◆ Goal of the exercise: Leave the images out. Give every line below again, precisely.

══════

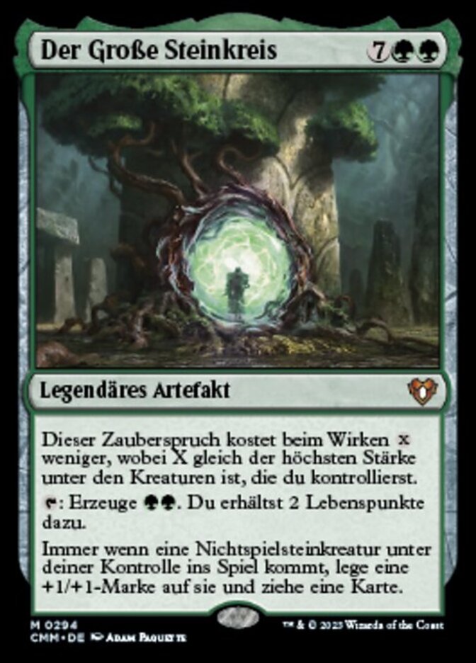 | Rules | This spell costs less to cast, where X is the greatest power among creatures you control. : Add . You gain 2 life. Whenever a nontoken creature enters the battlefield under your control, put a +1/+1 counter on it and draw a card. |
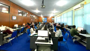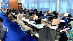 FMIPA UNEJ menjadi salah satu lokasi bersama 20 lokasi ujian lain dengan 30 ruang ujian dan 955 perangkat komputer yang tersebar di Kampus Tegalboto untuk melayani 13.403 peserta UTBK SNBT. Sebelum pelaksanaan, IT Ruang dari laboratorium matematika melakukan instalasi aplikasi UTBK didampingi tim dari UPA TIK. Selanjutnya dilakukan asesmen koneksi jaringan dipandu oleh admin server UTBK SNBT UNEJ. “Setelah instalasi dan asesmen, IT Ruang kami bersama UPA TIK melakukan ujicoba UTBK secara nasional sebanyak dua kali, untuk memastikan kesiapan pelaksanaan,” ungkap Wadek II FMIPA UNEJ.
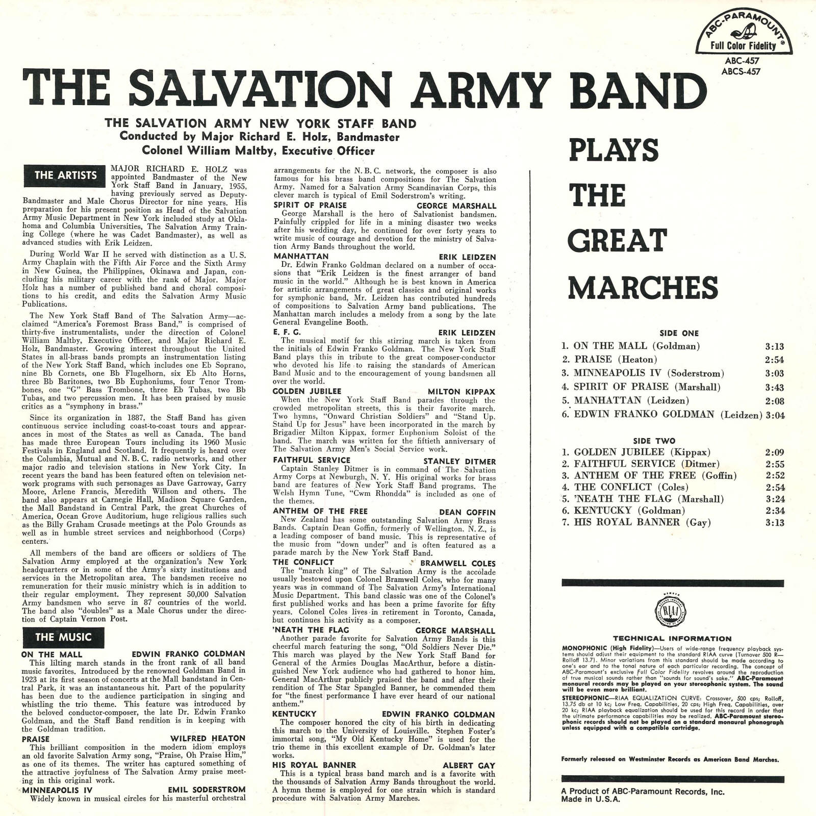 Spirit of Praise New York Staff Band Major Richard E. Holz George Marshall
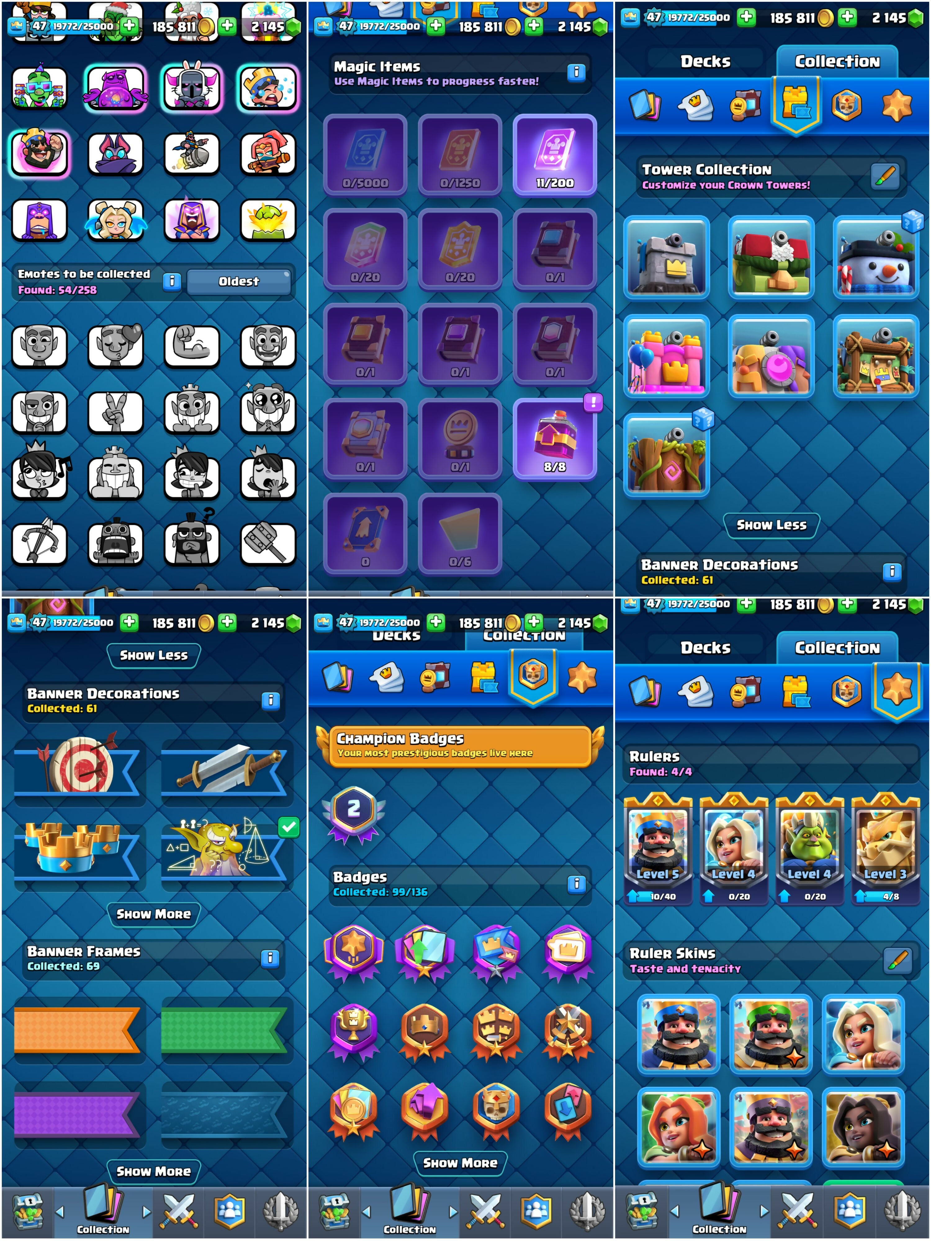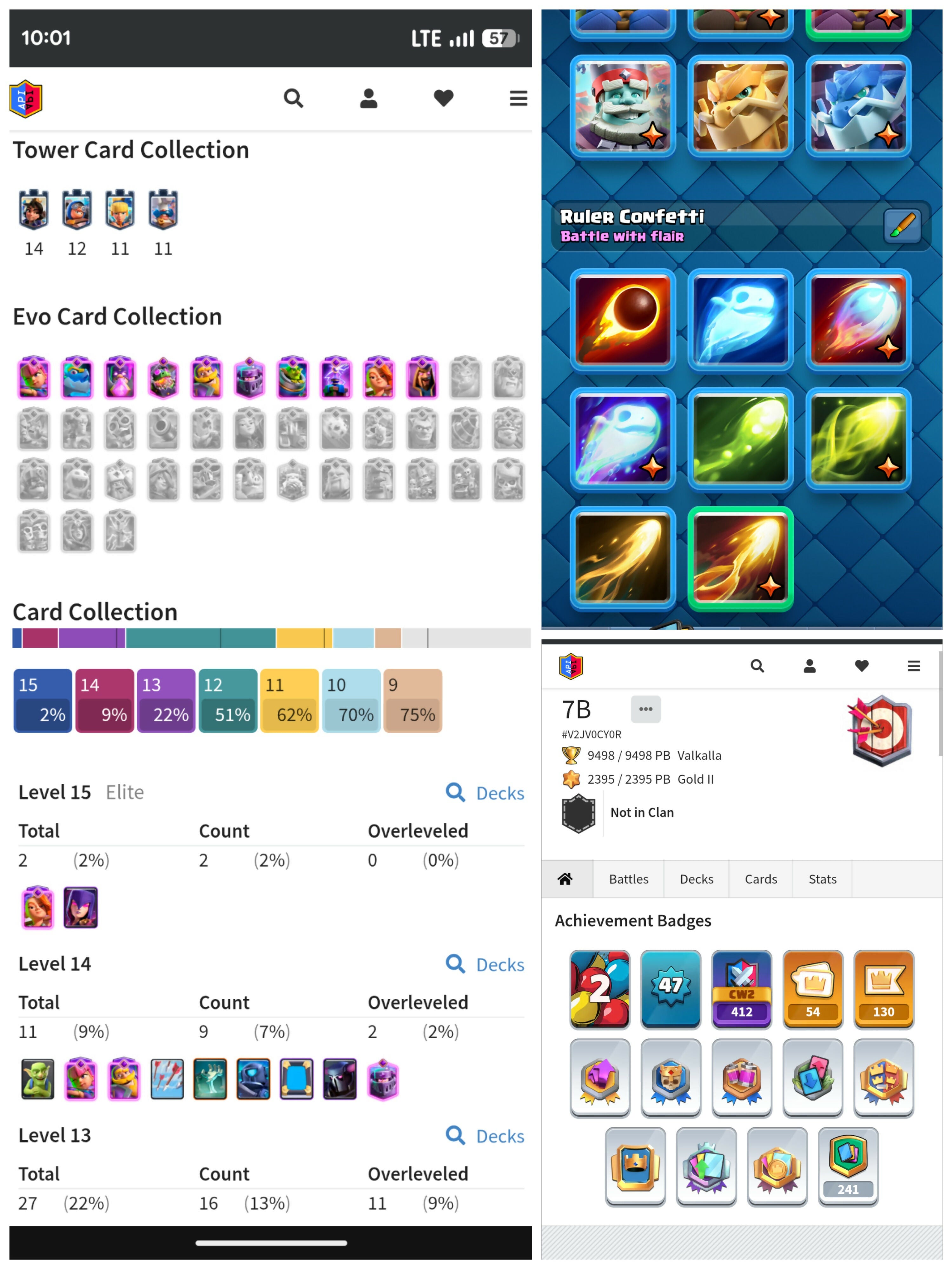 Level 47 + KT 14 | 9400 Trophies : 2100 Gems | 11 Max Cards , 2 Elites , 10 Evos | 54 Emotes & 7 Tower Skins | Android/iOS
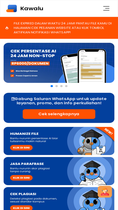 81%Dapatkan layanan deteksi plagiarisme. Cek keaslian karyamu secara otomatis 24 jam, dengan solusi jasa parafrase untuk mengurangi hasil plagiarisme yang tinggi. Jaminan keaslian karya dan integritas akademis dengan Kawalu.
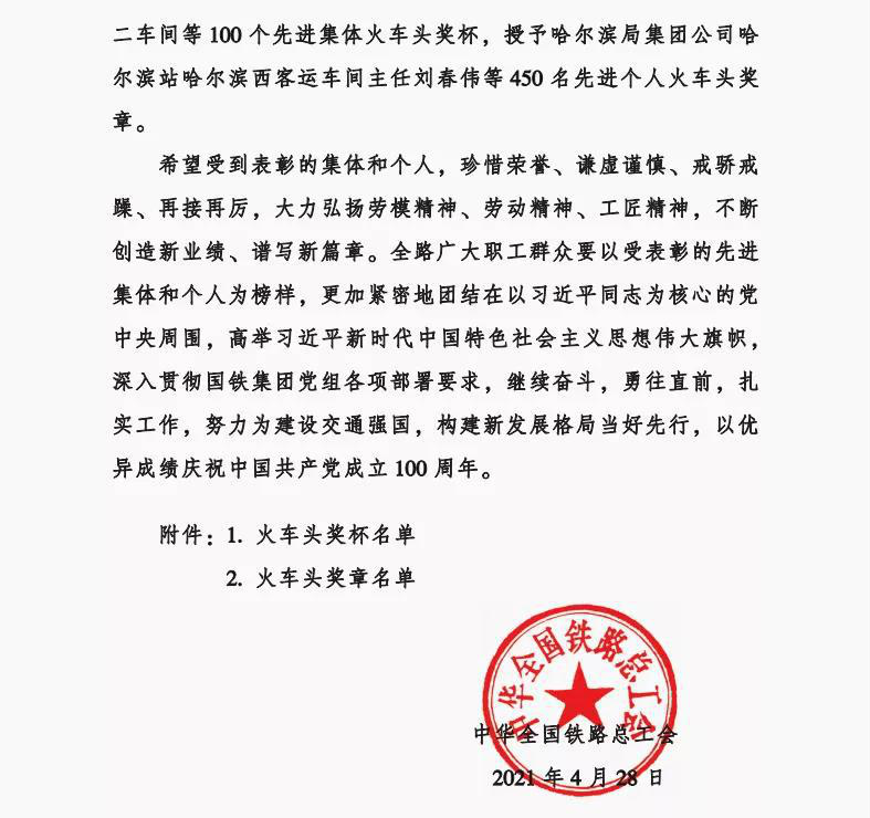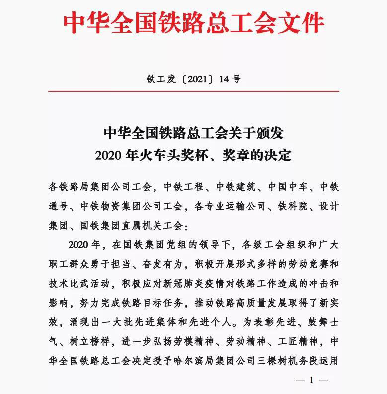 近日,中华全国铁路总工会公布了关于颁发2020年火车头奖章、奖杯的决定,我院1997级电牵专业校友韩宝剑荣获“火车头奖章”。
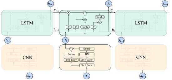 As shown in Figure 3, an encoder–decoder structure is adopted in the model that uses a CNN as an encoder and an LSTM as a decoder. The encoder is responsible for converting input into features and the decoder is responsible for converting features into targets.
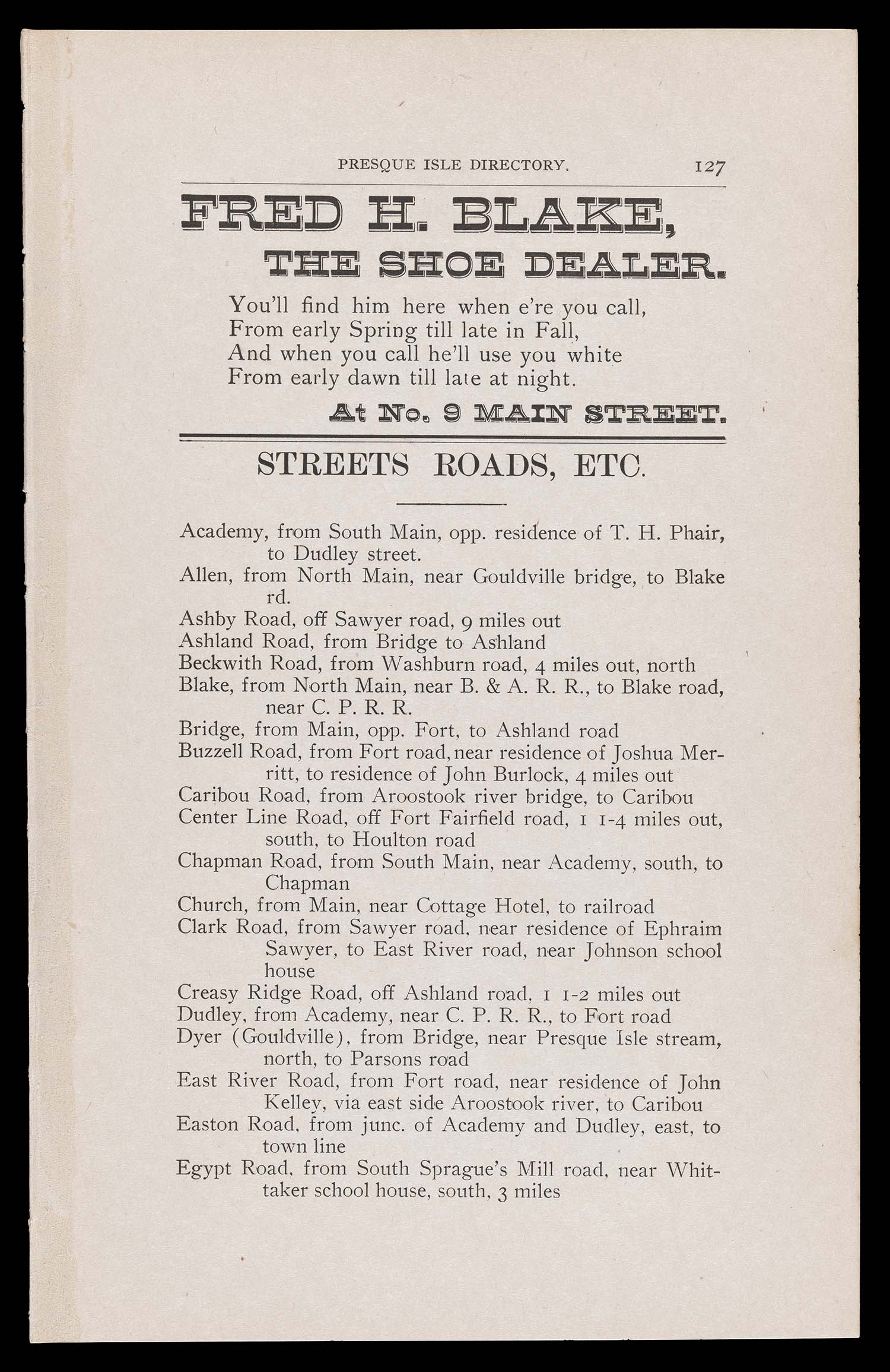 Name: The Presque Isle Directory. Streets Roads, etc.
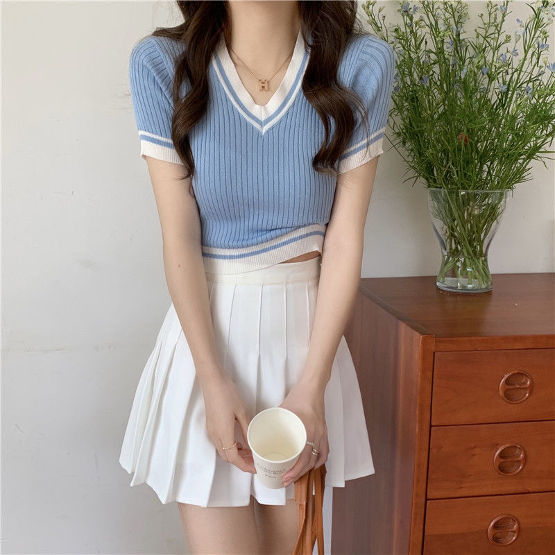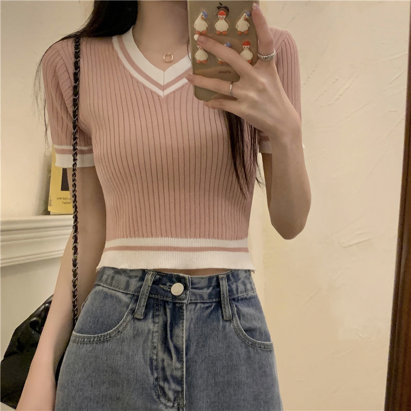 2025 새로운 여름 여성 짧은 스타일 슬림 피트 대비 색상 v 넥 반팔 스웨터 티셔츠 한국어 버전스토어 가기
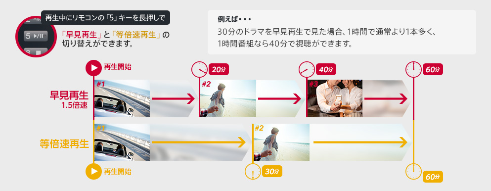 「早見再生」でまとめ録りした番組をイッキ見!< 音声付き1.5倍速再生>
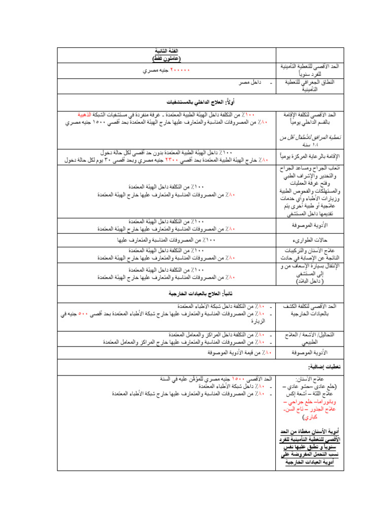 %80 -من المصروفات المناسبة والمتعارف عليها خارج شبكة األطباء المعتمدة بحد أقصى 500جنيه في بالعيادات الخارجية
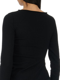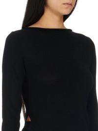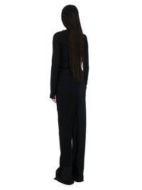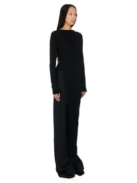 RICK OWENS FW23 LUXOR EASY LONG TOP IN BLACK LIGHTWEIGHT RASATO KNIT THIS EASY LONG TOP IS ANKLE LENGTH WITH LONG SLEEVES. IT HAS A BOAT NECK, AND A SPLIT THAT STARTS, WAIST-HEIGHT, ON THE RIGHT SIDE BODY, WITH A SKIRT THAT TAPERS DOWN ACROSS THE BODY TO THE HEM THIS IS A LIGHTWEIGHT AND SOFT CLASSIC STITCH WOOL KNIT - COLOR: BLACK - MATERIAL: 100% NEW WOOL - MODEL IS 181CM TALL - MODEL WEARS SIZE S
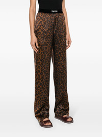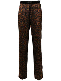 leopard-print silk pyjama bottoms Cut from pure silk with a touch of stretch, these pyjama trousers by Tom Ford are characterised by their bold leopard-print pattern. Held with an elasticated logo waistband, they fall to a relaxed, straight leg. Highlights - Brown/black - Stretch-silk - Leopard print - Satin finish - Mid-rise - Elasticated logo waistband - Two side slit pockets - Two rear patch pockets - Straight leg Made in Italy Composition Silk 94%, Elastane 6% SIZE & FIT Model measurements Height 5 ft 10 in(1.78 m) Bust/Chest 33.07 in(84 cm) Hips 36.61 in(93 cm) Waist 24.8 in(63 cm) FittingInformation Designed for a straight-leg fit, these trousers allow for a close fit at the waist and an unrestricted, comfortable fit over the leg The elasticated waist allows for a comfortable fit Made from a midweight stretch fabric, this piece offers elasticity and flexibility when worn This piece fits true to size – take your usual size Washing instructions Dry Clean Only
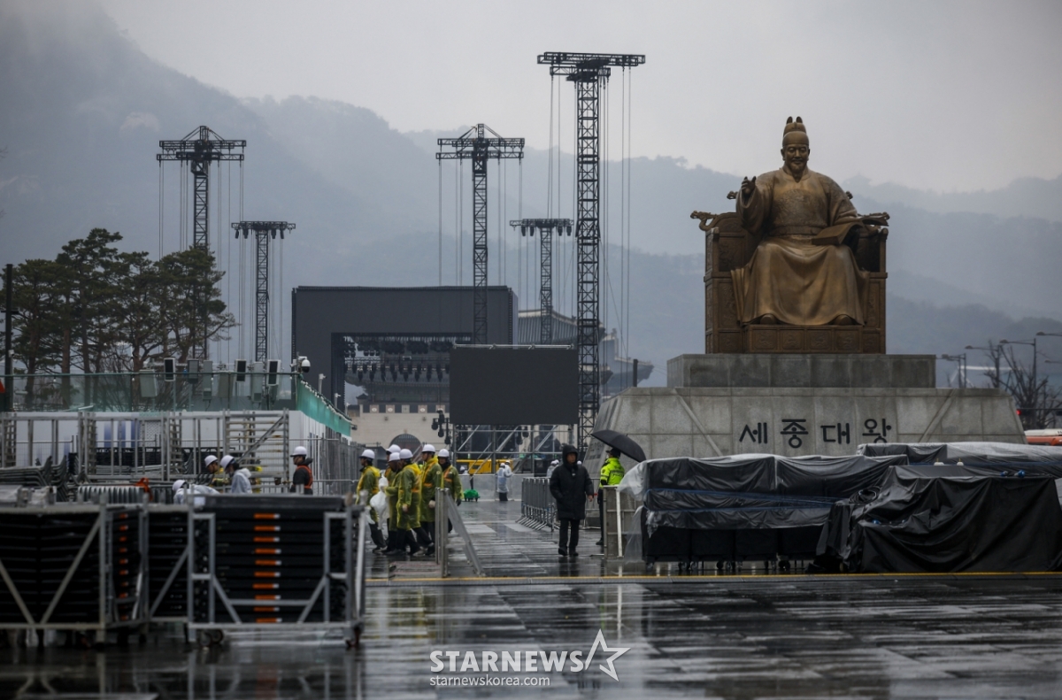 메인 무대는 세종대왕 동상 뒤 편에 자리잡았다. 그 너머로 펼쳐진 광화문 전경과 고층 건물, 공연 시설 등이 어우러지며 인상적인 무대 연출이 완성되고 있다. 전통과 현대가 공존하는 이색적인 풍경은 국내외 팬들과 관광객들의 이목을 끌기에 충분하다.
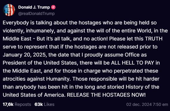 I inlägget skriver Trump att alla pratar om gisslan i Mellanöstern men ingen gör något, och ifall de inte släpps innan han svärs in som president den 20 januari nästa år kommer helvetet bryta löst för de inblandade.
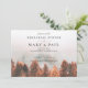Get ready for the big day with this elegant chic rehearsal wedding with this Fall and winter pine trees forest photo chic wedding with red and orange pine trees showing a wonderland of wood land , with clouds with elegant and modern typography.

══════

◆ Answer below:
 | Rules | This spell costs less to cast, where X is the greatest power among creatures you control. : Add . You gain 2 life. Whenever a nontoken creature enters the battlefield under your control, put a +1/+1 counter on it and draw a card. |
 FMIPA UNEJ menjadi salah satu lokasi bersama 20 lokasi ujian lain dengan 30 ruang ujian dan 955 perangkat komputer yang tersebar di Kampus Tegalboto untuk melayani 13.403 peserta UTBK SNBT. Sebelum pelaksanaan, IT Ruang dari laboratorium matematika melakukan instalasi aplikasi UTBK didampingi tim dari UPA TIK. Selanjutnya dilakukan asesmen koneksi jaringan dipandu oleh admin server UTBK SNBT UNEJ. “Setelah instalasi dan asesmen, IT Ruang kami bersama UPA TIK melakukan ujicoba UTBK secara nasional sebanyak dua kali, untuk memastikan kesiapan pelaksanaan,” ungkap Wadek II FMIPA UNEJ.
 Spirit of Praise New York Staff Band Major Richard E. Holz George Marshall
 Level 47 + KT 14 | 9400 Trophies : 2100 Gems | 11 Max Cards , 2 Elites , 10 Evos | 54 Emotes & 7 Tower Skins | Android/iOS
 81%Dapatkan layanan deteksi plagiarisme. Cek keaslian karyamu secara otomatis 24 jam, dengan solusi jasa parafrase untuk mengurangi hasil plagiarisme yang tinggi. Jaminan keaslian karya dan integritas akademis dengan Kawalu.
 近日,中华全国铁路总工会公布了关于颁发2020年火车头奖章、奖杯的决定,我院1997级电牵专业校友韩宝剑荣获“火车头奖章”。
 As shown in Figure 3, an encoder–decoder structure is adopted in the model that uses a CNN as an encoder and an LSTM as a decoder. The encoder is responsible for converting input into features and the decoder is responsible for converting features into targets.
 Name: The Presque Isle Directory. Streets Roads, etc.
 2025 새로운 여름 여성 짧은 스타일 슬림 피트 대비 색상 v 넥 반팔 스웨터 티셔츠 한국어 버전스토어 가기
 「早見再生」でまとめ録りした番組をイッキ見!< 音声付き1.5倍速再生>
 %80 -من المصروفات المناسبة والمتعارف عليها خارج شبكة األطباء المعتمدة بحد أقصى 500جنيه في بالعيادات الخارجية
 RICK OWENS FW23 LUXOR EASY LONG TOP IN BLACK LIGHTWEIGHT RASATO KNIT THIS EASY LONG TOP IS ANKLE LENGTH WITH LONG SLEEVES. IT HAS A BOAT NECK, AND A SPLIT THAT STARTS, WAIST-HEIGHT, ON THE RIGHT SIDE BODY, WITH A SKIRT THAT TAPERS DOWN ACROSS THE BODY TO THE HEM THIS IS A LIGHTWEIGHT AND SOFT CLASSIC STITCH WOOL KNIT - COLOR: BLACK - MATERIAL: 100% NEW WOOL - MODEL IS 181CM TALL - MODEL WEARS SIZE S
 leopard-print silk pyjama bottoms Cut from pure silk with a touch of stretch, these pyjama trousers by Tom Ford are characterised by their bold leopard-print pattern. Held with an elasticated logo waistband, they fall to a relaxed, straight leg. Highlights - Brown/black - Stretch-silk - Leopard print - Satin finish - Mid-rise - Elasticated logo waistband - Two side slit pockets - Two rear patch pockets - Straight leg Made in Italy Composition Silk 94%, Elastane 6% SIZE & FIT Model measurements Height 5 ft 10 in(1.78 m) Bust/Chest 33.07 in(84 cm) Hips 36.61 in(93 cm) Waist 24.8 in(63 cm) FittingInformation Designed for a straight-leg fit, these trousers allow for a close fit at the waist and an unrestricted, comfortable fit over the leg The elasticated waist allows for a comfortable fit Made from a midweight stretch fabric, this piece offers elasticity and flexibility when worn This piece fits true to size – take your usual size Washing instructions Dry Clean Only
 메인 무대는 세종대왕 동상 뒤 편에 자리잡았다. 그 너머로 펼쳐진 광화문 전경과 고층 건물, 공연 시설 등이 어우러지며 인상적인 무대 연출이 완성되고 있다. 전통과 현대가 공존하는 이색적인 풍경은 국내외 팬들과 관광객들의 이목을 끌기에 충분하다.
 I inlägget skriver Trump att alla pratar om gisslan i Mellanöstern men ingen gör något, och ifall de inte släpps innan han svärs in som president den 20 januari nästa år kommer helvetet bryta löst för de inblandade.
Get ready for the big day with this elegant chic rehearsal wedding with this Fall and winter pine trees forest photo chic wedding with red and orange pine trees showing a wonderland of wood land , with clouds with elegant and modern typography.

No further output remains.